Modem: While young labels often receive attention, especially during global fashion weeks, many industry professionals work behind the scenes. Can fashion platforms ensure that these “invisible” contributors also benefit from support, for example through recognition or at least fair compensation?
Eduarda Abbondanza: Perhaps because we operate differently from the major global fashion systems, and we’re not limited to runway formats, our platform includes projects dedicated to thought, education, and production. This gives visibility to researchers, manufacturers, students, teachers, and sector associations in textiles, footwear, and beyond. These contributors - often invisible elsewhere - find recognition here. We aim to make their work part of the broader narrative, not a hidden one.
Modem: Discussions around well-being are gradually gaining ground in creative industries. What structural measures do you believe could best support the psychological health of fashion professionals?
Eduarda Abbondanza: It’s increasingly evident that the current system is unsustainable. The pace, pressure, and competition are overwhelming. Each professional must find and accept their own rhythm, stepping away from the constant demand for novelty and experimenting with alternative business models that align with their creative nature. At the same time, fashion platforms working in communication, distribution, and retail must adapt to new ways of working. Only by supporting human-centered practices can we shift toward a system that values people over products.
Modem: Reflecting on the role of empathy in leadership, those in senior positions are expected to foster a culture of care and support. Might this ever conflict with market-driven demands?
Eduarda Abbondanza: Empathy, care, and collaboration are not in conflict with market demands. In my opinion, they actually strengthen our ability to meet them. Leadership must be close to its team, not isolated. A leader who understands the market must also understand the individuals who sustain their creations. Recognizing the uniqueness of each person is essential to building resilient, responsive structures.
Modem: If a new designer were to draw inspiration from your path while facing uncertainty about the future, explain a single insight you would hope they carry as they define their own direction?
Eduarda Abbondanza: When I work with young generations, I always ask myself: what can I contribute to make this person happier, more self-sufficient, more capable of thinking critically about the world and themselves? I hope my role helps them expand that awareness, and become excellent professionals in whatever path they choose.

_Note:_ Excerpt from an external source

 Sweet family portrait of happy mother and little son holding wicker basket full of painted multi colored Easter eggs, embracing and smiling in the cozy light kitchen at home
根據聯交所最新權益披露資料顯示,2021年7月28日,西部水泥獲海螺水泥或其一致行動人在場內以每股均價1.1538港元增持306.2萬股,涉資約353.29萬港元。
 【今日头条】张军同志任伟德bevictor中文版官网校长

I encourage them to understand themselves and their environment, their community, their resources, but above all their natural inclinations.

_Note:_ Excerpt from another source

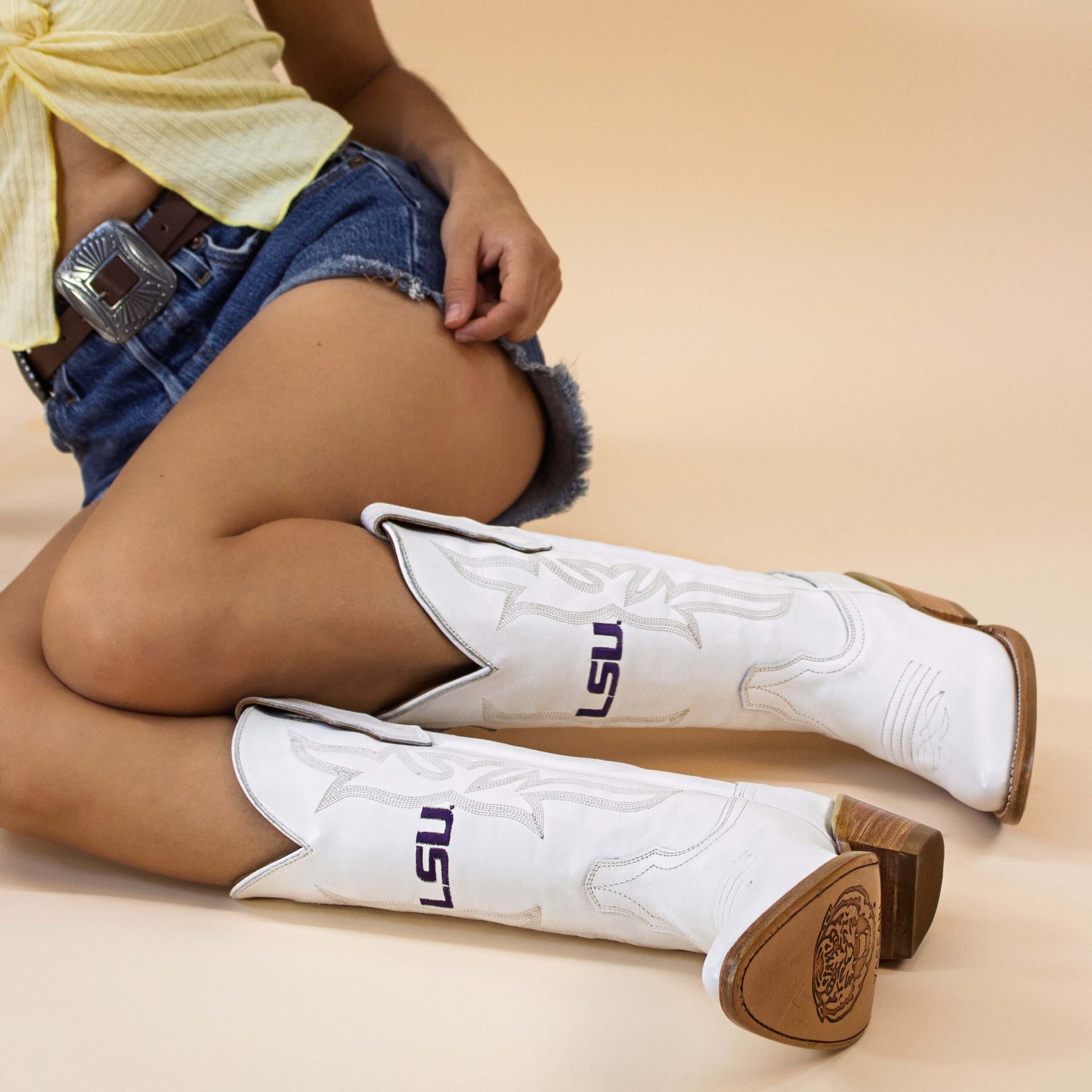 A fan favorite, the Leighton cowgirl boots perfectly blend team pride and western style. The perfect choice for game days, tailgates and everything in between, they're crafted for all-day comfort so you can show your Tigers pride with every step. Geaux Tigers!

Regardless of market pressure, family expectations, or ambition, they must identify what truly belongs to them, what is authentic. Once they find it, they should pursue it fully. So much of life depends on small, seemingly irrelevant things. You may have an extraordinary gift that you undervalue because you aspire to something else. Recognize it. Honor it. Fulfillment comes from doing what aligns with your nature, and building a life that allows you to thrive independently.